Dinner has been over for hours, the kids are playing hide-and-go-seek. I am 8 years old and hiding beneath the kitchen table as the adults engage in card-playing. This is how get-togethers are spent.
Euchre is a rite of passage. I can still remember getting my nose out of joint one summer when, on our annual vacation "Up North", the adults taught Thad, a cousin with the better part of ten years on me in age, how to play. "Fine," I thought, and spent the rest of the afternoon coloring.
—With only the blue crayons!
My protest and altogether obvious statement somehow went unnoticed. It would be years before my turn would come.
My parents decided, one stale summer's night, that their children ought to know how to play more than just
Go Fish.
Then, there was
Euchre.
Miles doesn't play
Euchre. He plays
Spades,
Hearts, and a rousing hand of
Old Maid. I found it pert-neer impossible to find a
Euchre player in amongst the Southerners. Charity, my mother-in-law's friend, the New Yorker, proudly declared that this was because it was a "Yankee Game". Something to do with the long winters and boredom, she said.
Needless to say, it had been awhile—and when I say "awhile" I mean tens of thousands of hours. Well, yesterday we played. Mom partnered with me, and we went to battle against Charlie and Brenda. We were poised to lose, as is our custom.
The crescendo of Debbie's snore from the bedroom accompanied our first win, and the good-natured belittling began. "B*tches," Brenda muttered, and Mom and I began reaching over the table to give each other high-fives after every point, cheering, "Goooooo—B*tches!" Brenda looked at Charlie. Charlie looked at Brenda. They looked at their beer and thought, "I've either had too much to drink...or much, much too little." And, on went their next round of alcohol.
They won the second game...and Charlie, though he had been using the term against yours truly throughout the entire tournament, proclaimed unto me just then, "Take that you little TROLLOP!"

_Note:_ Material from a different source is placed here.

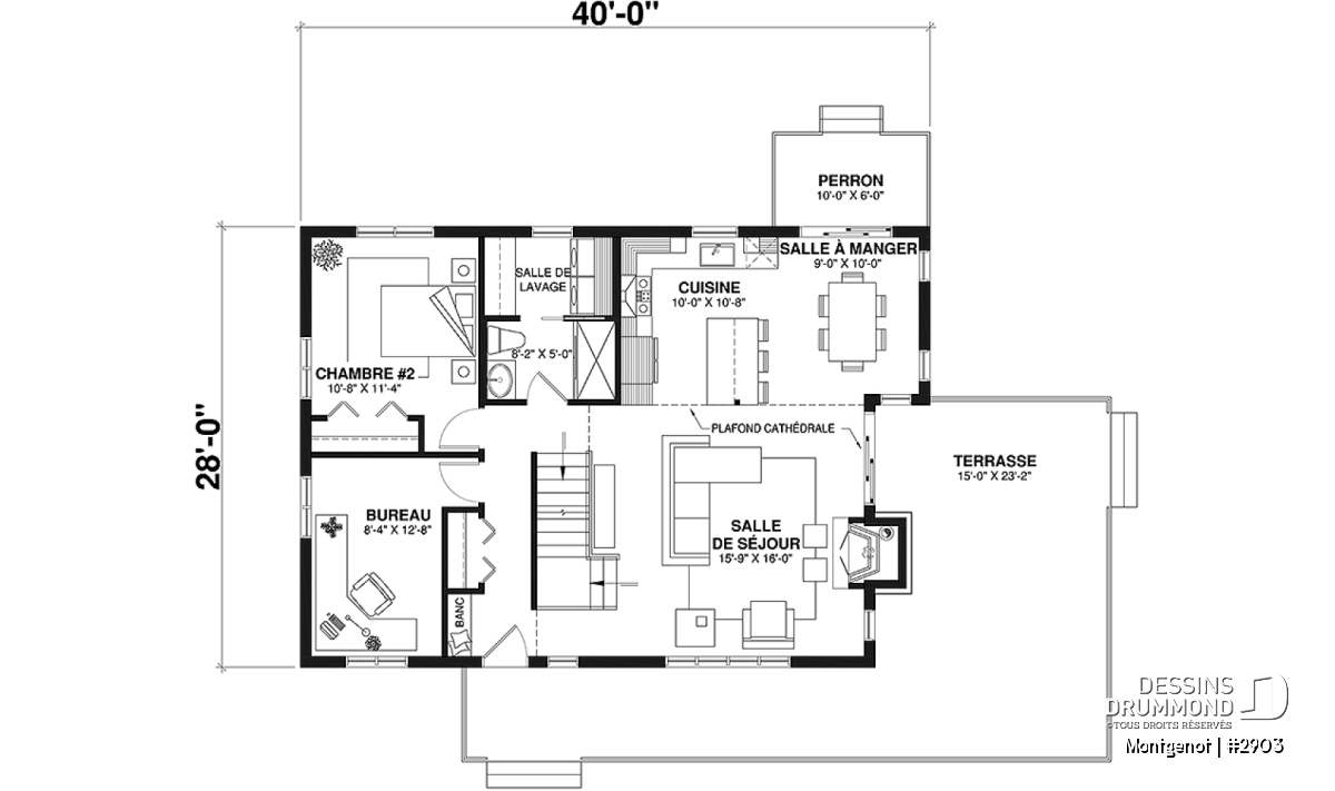 Largeur 40'0" Profondeur 28'0"

Mom, high on silliness much like myself, volleyed, in her ditsiest Farah Fawcett voice, "Well, you little bushwhacker!" I bet that really stung. Thank goodness she only releases her venom but rarely.
Meanwhile, I was thinking satisfactorily, "A trollop?" With the palm of my right hand, I patted up at the bottom of my hair and giggled. Aloud, "A trollop! I just feel so free! A trollop! I ought to wear the low-cut black dress when we go out tonight!" Another giggle. Another hair pat. My eyelashes were batting wildly, ostentatiously, flirtatiously, as Brenda got up and presented her partner with another beer.
Mom and I won the third and final game of the set, which surprised us more than anyone else. We, unrehearsed and eerily, launched into a cover of Cher's "Gypsies, Tramps, and Thieves" entitled, "Bush—wack'rs, Trollops and Thieves".
It was sobriety at its best.
Drink it up, people.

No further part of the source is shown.